» Exercise
Starting with the line that has "GOGGLES GAFAS TACTICOS" and finishing with the line that has "济南市网络文化办公室主任展宝", set down each line below exactly. Pictures are not copied.

» Exercise material
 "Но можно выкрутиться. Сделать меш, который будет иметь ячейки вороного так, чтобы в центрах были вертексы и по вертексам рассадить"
...
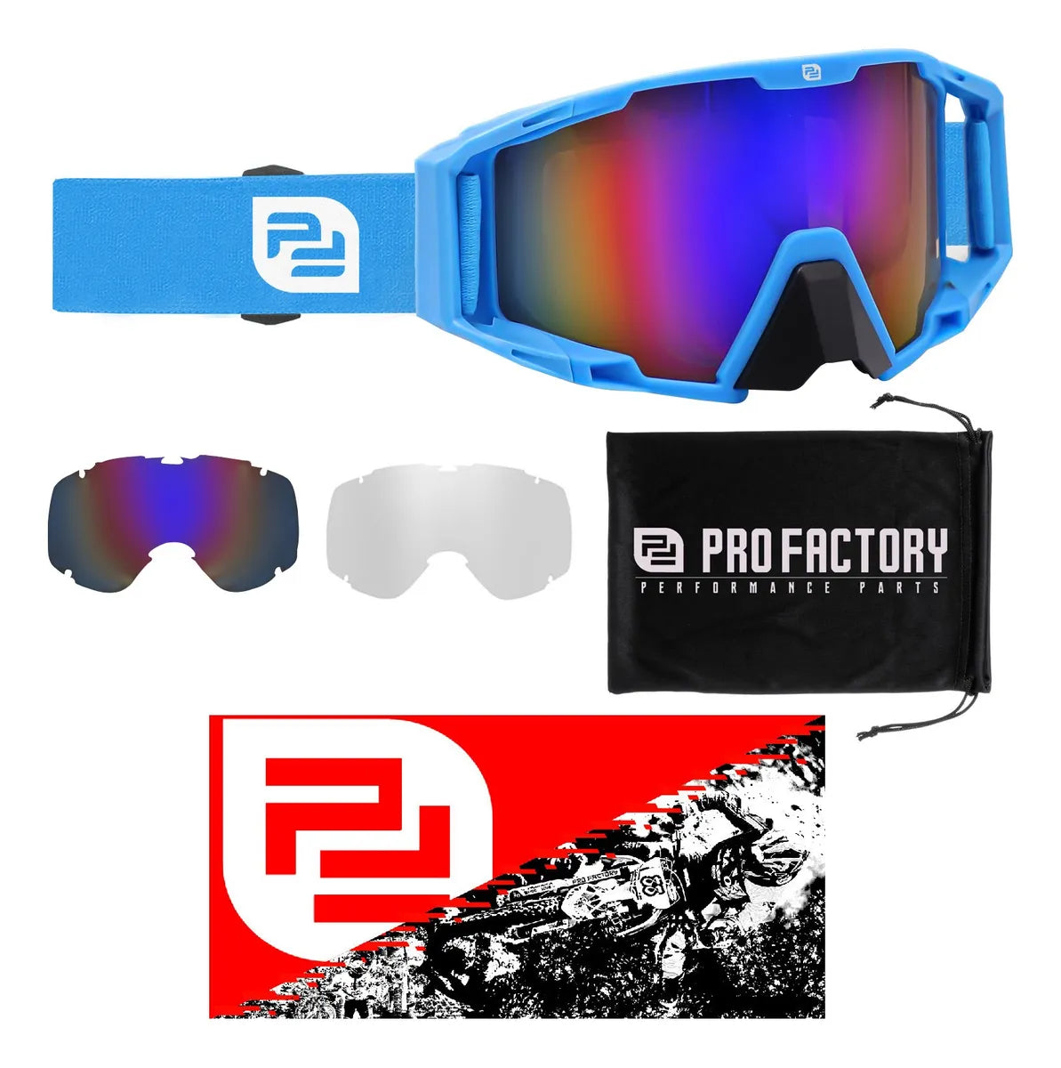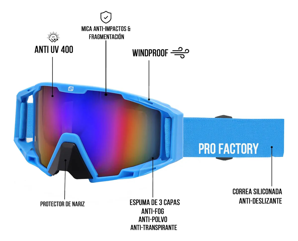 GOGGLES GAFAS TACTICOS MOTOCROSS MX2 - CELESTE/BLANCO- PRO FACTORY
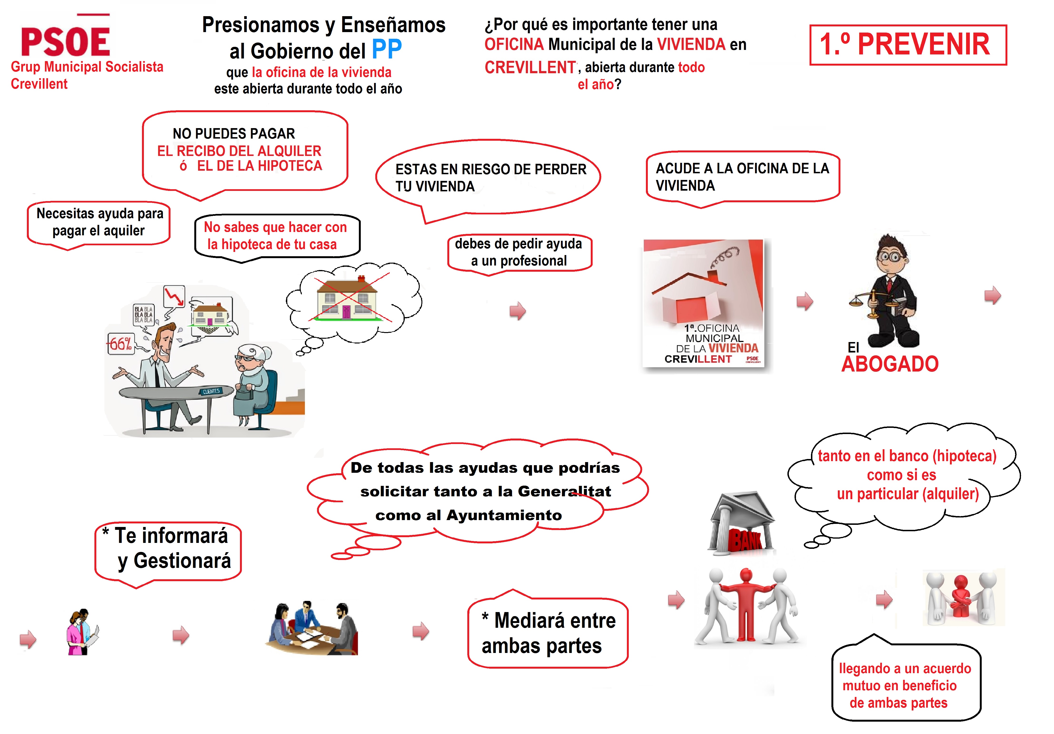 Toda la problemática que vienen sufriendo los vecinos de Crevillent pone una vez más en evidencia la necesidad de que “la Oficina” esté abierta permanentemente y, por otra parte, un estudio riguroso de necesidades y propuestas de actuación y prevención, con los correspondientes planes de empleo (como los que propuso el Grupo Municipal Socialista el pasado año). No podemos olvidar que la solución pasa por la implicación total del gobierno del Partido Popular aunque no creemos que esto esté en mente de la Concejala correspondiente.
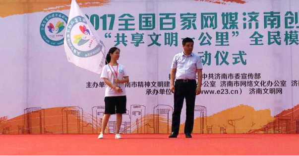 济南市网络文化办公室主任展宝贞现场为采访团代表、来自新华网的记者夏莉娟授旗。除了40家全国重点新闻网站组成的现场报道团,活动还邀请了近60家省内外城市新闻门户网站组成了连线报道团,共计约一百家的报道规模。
...
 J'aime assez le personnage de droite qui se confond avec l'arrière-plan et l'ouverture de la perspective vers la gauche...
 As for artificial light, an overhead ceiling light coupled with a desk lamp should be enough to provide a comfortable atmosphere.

» Response
 GOGGLES GAFAS TACTICOS MOTOCROSS MX2 - CELESTE/BLANCO- PRO FACTORY
 Toda la problemática que vienen sufriendo los vecinos de Crevillent pone una vez más en evidencia la necesidad de que “la Oficina” esté abierta permanentemente y, por otra parte, un estudio riguroso de necesidades y propuestas de actuación y prevención, con los correspondientes planes de empleo (como los que propuso el Grupo Municipal Socialista el pasado año). No podemos olvidar que la solución pasa por la implicación total del gobierno del Partido Popular aunque no creemos que esto esté en mente de la Concejala correspondiente.
 济南市网络文化办公室主任展宝贞现场为采访团代表、来自新华网的记者夏莉娟授旗。除了40家全国重点新闻网站组成的现场报道团,活动还邀请了近60家省内外城市新闻门户网站组成了连线报道团,共计约一百家的报道规模。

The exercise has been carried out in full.